Often, the process renders an ill-defined real-world problem as a well-defined mathematical problem that can be solved using available mathematical techniques. The solution must then be verified mathematically but also validated against real-world constraints. Since the real-world constraints are often competing values and priorities held by the modeller or the client, or society at large (Pollak 1997), validation often requires judgments that extend beyond the realm of pure mathematics (Gainsburg 2006, p. 31).
Today, many professionals engage in mathematical modelling in academia and in industry (Haines 2011). They engage in practices that allow them to assess risk to banks or assets, understand human-resource dynamics, to predict weather or climate, or plan rush hour traffic patterns, to name a few (Frejd and Bergsten 2018). We agree with Lesh and Zawojewski (2007) that beyond the academic requirements for entry into careers, students have a need to understand, describe, and explain the social and economic systems in which they operate. Teaching designed to meet these goals would emphasize practices like using mathematics to create, construct, refine, adapt, describe, explain, manipulate, predict, simulate, and design in service of a client’s (or one’s own) needs (Frejd and Bergsten 2016; Lesh and Zawojewski 2007). Clients need models adequate for specific purposes, which often means using mathematical principles and representations to solve ill-defined problems constrained by values or priorities, rather than seeking “correct” answers that could be logically justified.
3.2 What could students learn through mathematical modelling?
Four of the practices that are inherent in the practices of professional modellers as identified in several studies of their practices and are suitable in regular classrooms are: (1) making meaning for decision making in the situational context and mathematical representations of this context (Drakes 2012; Frejd and Bergsten 2018), (2) anticipating/mathematical foresight (Maciejewski and Barton 2016), (3) argumentation based on judgments beyond the realms of mathematics (Ekol 2011; Pollak 1997; Spandaw 2011), and (4) validating or justifying (Drakes 2012; Frejd and Bergsten 2018). In this sub-section, we will (1) argue that mathematics education based in such practices associated with mathematical modelling is within the capabilities of students, and teachers, in regular classrooms, and (2) illustrate these practices with empirical examples.
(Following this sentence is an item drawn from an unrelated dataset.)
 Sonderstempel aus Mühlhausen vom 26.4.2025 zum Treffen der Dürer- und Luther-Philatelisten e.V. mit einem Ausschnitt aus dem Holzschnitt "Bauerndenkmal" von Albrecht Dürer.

3.2.1 Student and teacher capabilities in regular classrooms
English (2003) noted that young learners in elementary and middle school years, given appropriate modelling tasks, are capable of engaging in mathematical processes such as describing, analysing, coordinating, explaining, constructing, critical reasoning, argumentation, and generating a generalizable model, during mathematization of objects, relations, patterns, and rules. These are the same practices mentioned above by Frejd and Bergsten (2016) and Lesh and Zawojewski (2007). In a study by Brown and Stillman (2017), 25 Year 6 students (12 years old) being introduced to modelling to develop a modelling conception of mathematics (Houston et al. 2010) began to develop a conception of mathematical modelling not only as a way of handling problems, particularly real-world ones, but also as a broader conception of mathematics being a way to think about life. Recently, Fulton et al. (2019) have reported similar mathematical engagement with students as young as 6 years old in different modelling tasks. Fulton et al. found that teachers were able to design and implement modelling tasks, in the regular classroom, that promoted opportunities for all students to solve problems that mattered to them.
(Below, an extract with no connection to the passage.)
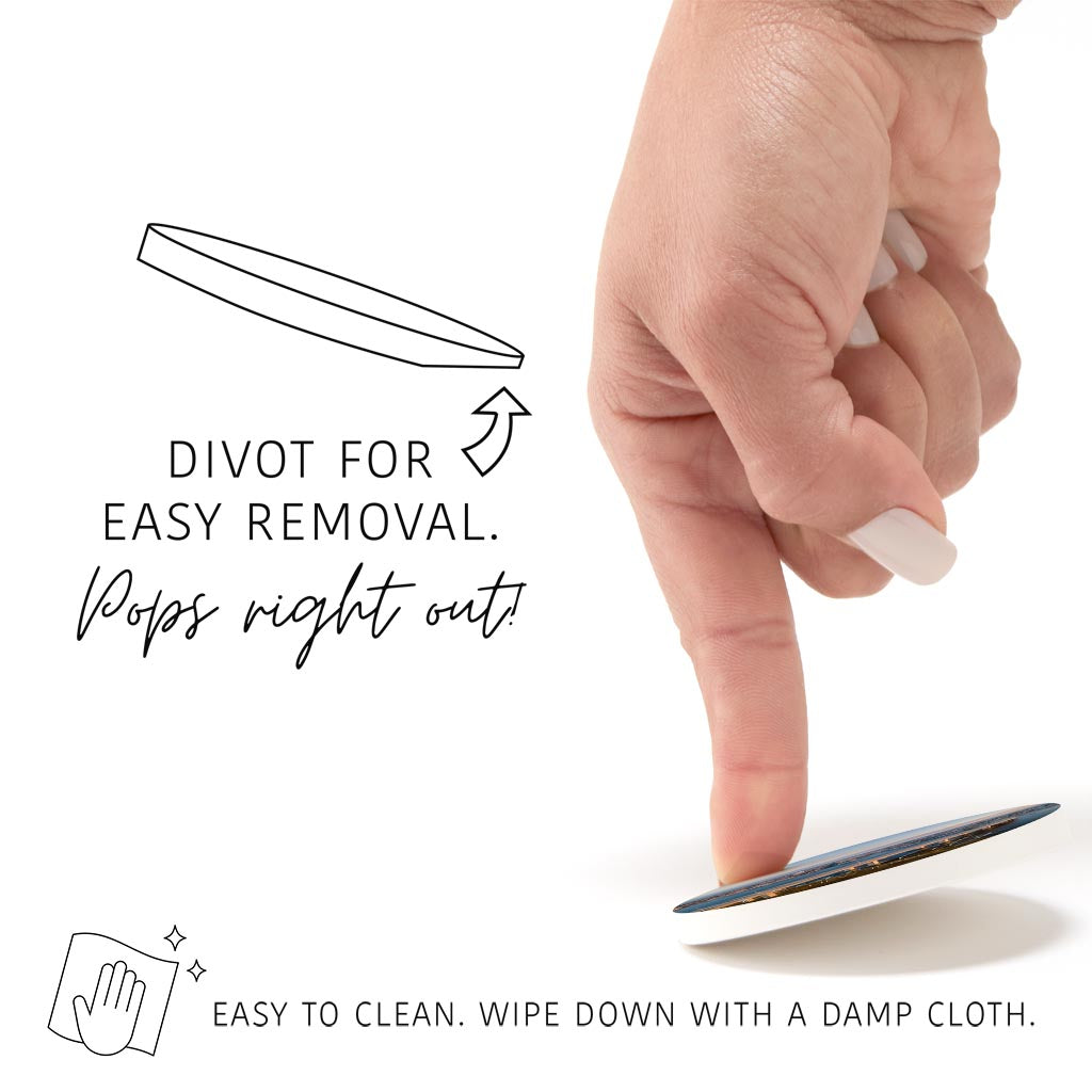 Car coasters are that little accessory that you didn’t know you needed but now consider an essential. Your cupholders are protected and kept clean by absorbing drips from your morning coffee to sticky juice boxes. The strategic divot edge allows you to easily pop it out and wipe clean. No more grime stuck in the cupholder abyss. While car coasters are wonderfully utilitarian, they also inject a little personality and design into the space you spend so much time in. Order a few to mix and match to your mood, season, or newest trends. We love when function and design coincide!

3.2.2 Addressing four key practices promoted by mathematical modelling
In the following we illustrate with paradigmatic examples,Footnote 1 the four practices from the modelling of professional modellers that we identified as being of potential benefit to a mathematical classroom. In describing these practices we are moving beyond the notion of trying to directly teach what experts do or prescribing lists of their modelling behaviours as processes that modellers in schooling or university must learn. We want to capture the essence of what the doing, seeing and making judgments in professional modellers’ work entails which can be mined to pursue educational goals in mathematics classrooms. The four practices will be illustrated by points from studies of professional modellers’ practices followed by a classroom episode that will be analysed and related to professional practice. The last two practices will be exemplified within the same classroom episode as in reality most of these practices interrelate.
Making meaning. In Drakes’ study (2012) of 14 professional modellers’ practices, the experts reported they usually started from the perspective they were ignorant of the problem situation they were modelling so the majority identified trying to understand the problem before starting as their initial action. For them, making meaning of the situational context from which the problem is posed could be through exploration, researching literature, gathering data, discussion or simplification. These modellers claimed to use most often the heuristic, draw a picture, to clarify understanding of the situation and to represent what the words being used by the problem poser and those the modeller was collaborating with, meant.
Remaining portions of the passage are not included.